第107話 メタモルフォーゼ 流形態

 二つの光が、私のスマホへと飛び込んでくる。

 一つ焔の民の少女だったもの。もう一つはキミマロだったもの。


 光を取り込み、スマホから溢れ出す、焔と水。


 焔は下へと。

 私の足を覆うように。足に食い込んでいた闇のアギトを尽く焼き払い、傷を焔が覆っていく。

 優しく私の傷を撫でる焔。それはまるで再生を象徴する不死鳥のごとく。私の傷が、炎で覆い尽くされ、炎が血となり肉となり皮膚となる。

 傷だった場所が、焔と書き換わっていく。

 痛みすら消え、そこには温かさだけが残る。


 水は上へと。

 私の上半身を流れるように巡り、一部が背中から翼となって花開く。それは水で出来た翼。循環する水の流れで形づくられた極薄の羽、一枚一枚が無数に重なり、翼となる。大気に満ちる大源泉から溢れた光──マナを捉え空を駆けるための翼。


 鯆形態だった時のメタモルフォーゼとは、装備の時の様子が全く異なる。キミマロと似た肌になることもなく、私の体を覆うのは、流水で出来たそれ。

 まるで焔形態の対となるかのような姿。

 巡る水は不定形のままに、それでもしっかりと私の体にまとわり。

 翼となり、鎧となり、武器となせる事が伝わってくる。


 手にしたスマホ。

 そこに表示される、文字が目にはいる。


『メタモルフォーゼ・ながれ形態』


 その文字を目にして、私は納得する。

 先程から、不思議と見えるのだ。

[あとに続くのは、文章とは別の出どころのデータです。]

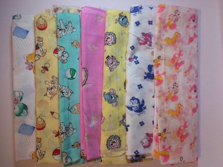 1. Пеленки тонкие всех цветов радуги, размеров и плотности. -7 шт.

体にまとわりつく流水の使い方が。

 流形態の私のまとう炎と水が副産物に過ぎないことが。


 そこへ、異界の魔王が襲いかかってくる。

 メタモルフォーゼを終えた私に向かい。


 先程までの悠然とした佇まいが嘘のように、焦った様子を見せる魔王。

 中性的で感情の見えなかった異界の魔王の表情が、ひどく歪んでいる。


 異界の魔王は闇の竜をけしかけると、自身も私に向かって迫ってくる。その手には、漆黒の人の頭ぐらいの大きさの、濃縮された闇を生み出して。


「ごめん、君には申し訳ないことをしました」私はに向かって呟く。


 見えるのだ、世界に内包された物質の流れが。そう、『世界』の流れが。


 私は眼前に迫った闇の竜へ手を伸ばす。その額を、そっと撫でる。手には焔と水をまとわせ。

 まるで愛猫の耳をくすぐるように。

 そっと。


 流形態の私の目に写る、闇の竜の実在。その存在を構成する特異点を、優しく撫でて刺激してあげる。

 それだけで、この世界で異物として無理やりに存在させられていた闇の竜の存在が、ほどける。


 闇の竜の体に、亀裂が入る。


 亀裂を生んだのは、焔。

 その亀裂から、どんどんと細かい破片と化していく闇を優しく受け止めるのは、水。

 水に包まれ、闇はその実在を急速に消失させていく。

 

「痛かったね。ごめん」 


 私は消えゆくそれへ、最後に言葉をかける。

 世界に拒絶され続けていた闇の竜は、元居た場所へと還っていった。